The findings of this survey reveal clear opportunities for boards to strengthen their governance of disruptive technology. Boards can use independent data and resources to help identify potential disruption, validate existing strategic assumptions and challenge internal bias. They should verify that the implementation of disruptive technology includes an appropriate risk management process that aligns with the organization’s ERM framework. Boards can also pursue education and board refreshment to address knowledge gaps and help identify risks and any potential unknowns related to disruptive technology. Finally, they should strategically challenge whether the company has the right culture, skills and training required to succeed in this transformative age, and dedicate more time to the topic of innovation and disruptive technology during full board sessions.

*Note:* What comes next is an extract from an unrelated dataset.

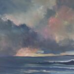 Acrylic pigment applied in broad, gestural strokes depicts stormy offshore conditions. The composition privileges weather’s visual drama over settled landscape description.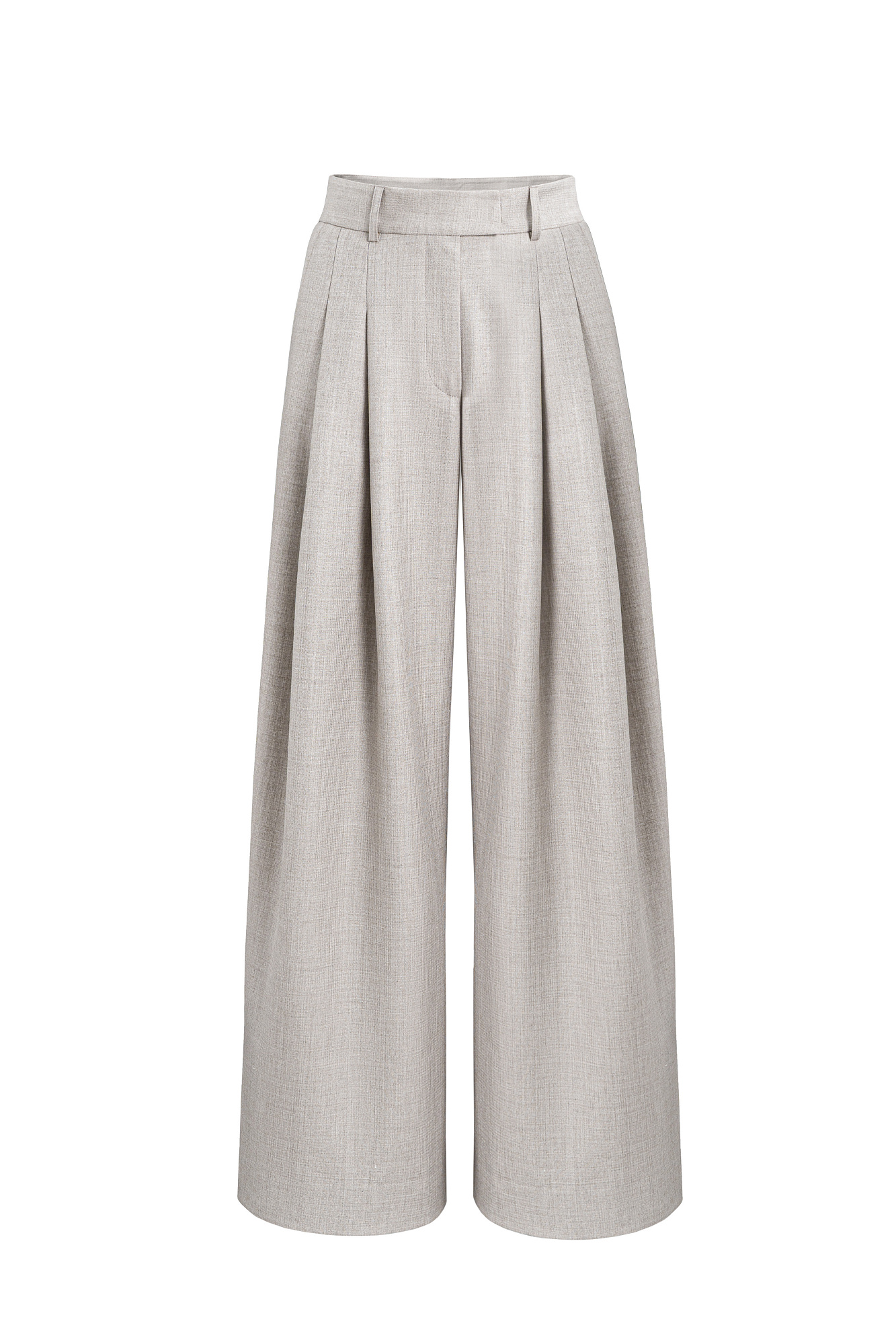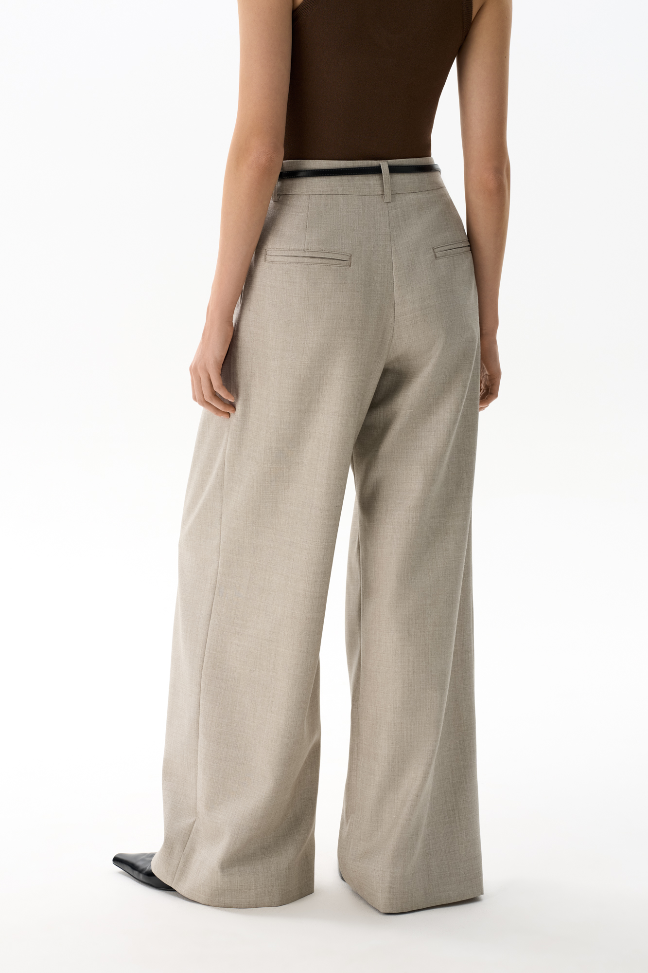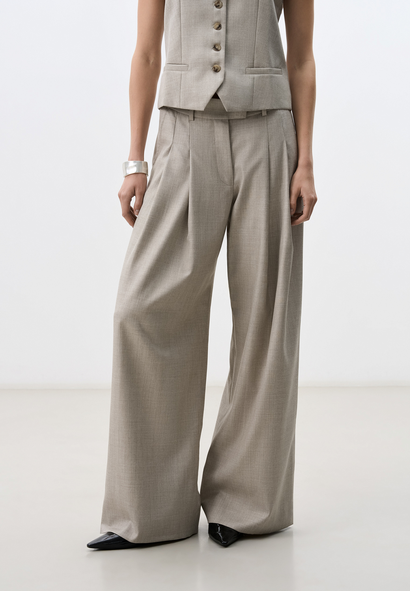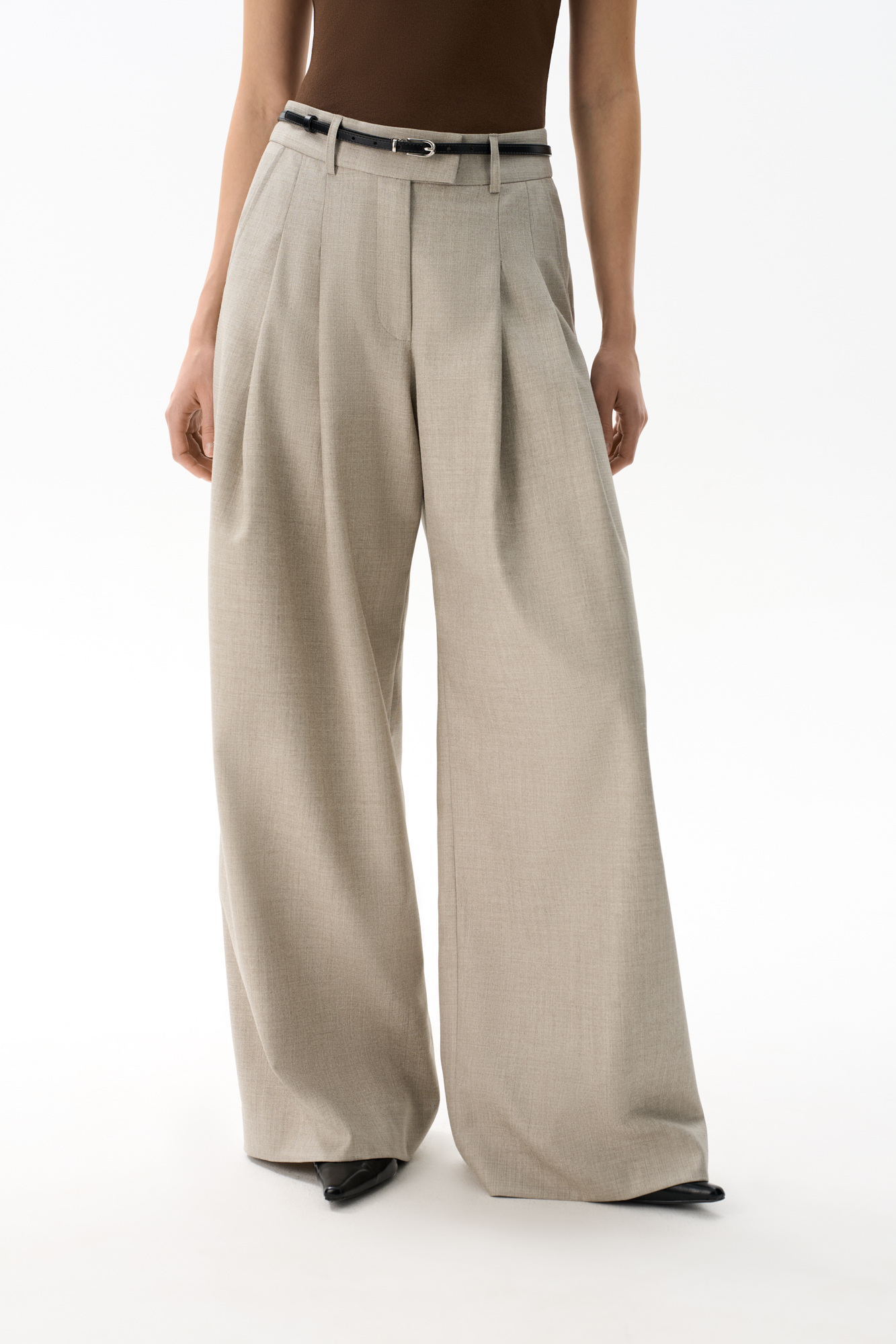 Брюки палаццо из смесовой шерсти со складкми. Модель с высокой посадкой и широким поясом со шлевками для ремня.

Questions for the Board to Consider

  • Is the board allocating sufficient time on its agenda, and is the committee structure appropriate to provide effective oversight of technological innovation and disruption?
  • Does the board have the right mix of relevant skills, expertise, perspectives and experiences that allows for effective oversight of technological innovation and disruption?
  • Which resources is the board using to keep abreast of technological trends, innovation and potential disruption?
  • Is the board obtaining independent, external data and information that can be leveraged to gain insights and better evaluate emerging and disruptive risks?
  • Have appropriate and meaningful innovation-related metrics been identified? If so, how often is the board reviewing these metrics?
  • Are there any specific education and training topics that would enhance the board’s oversight of technological innovation and disruption?

Survey Methodology

In March and April 2019, Corporate Board Member and EY surveyed 365 public company directors to determine how disruptive technologies are impacting the boardroom. The survey was conducted online, anonymously.

Respondent Demographics

Executive director 4%
Independent director 81%
Lead director 9%
Board chair 13%

*Respondents were asked to select all that apply

Market Capitalization:
Less than $50 million 4%
$50 million to $300 million 10%
$300 million to $2 billion 28%
$2 billion to $10 billion 38%
$10 billion to $300 billion 19%
$300 billion+ 1%

*Percentages may not add up due to rounding

Financial Services 24%
Technology 15%
Consumer Products & Retail 12%
Life Sciences 9%
Real Estate, Hospitality & Construction 9%
Automotive & Transportation 8%
Power & Utilities 7%
Health 4%
Mining & Metals 4%
Oil & Gas 4%
Government & Public Sector 2%
Media & Entertainment 2%
Telecommunications 1%

*Percentages may not add up due to rounding

Committee Seats:
Audit/Risk 64%
Nominating/Governance 62%
Compensation 55%
Other 30%
Technology/Innovation 10%

*Respondents were asked to select all that apply.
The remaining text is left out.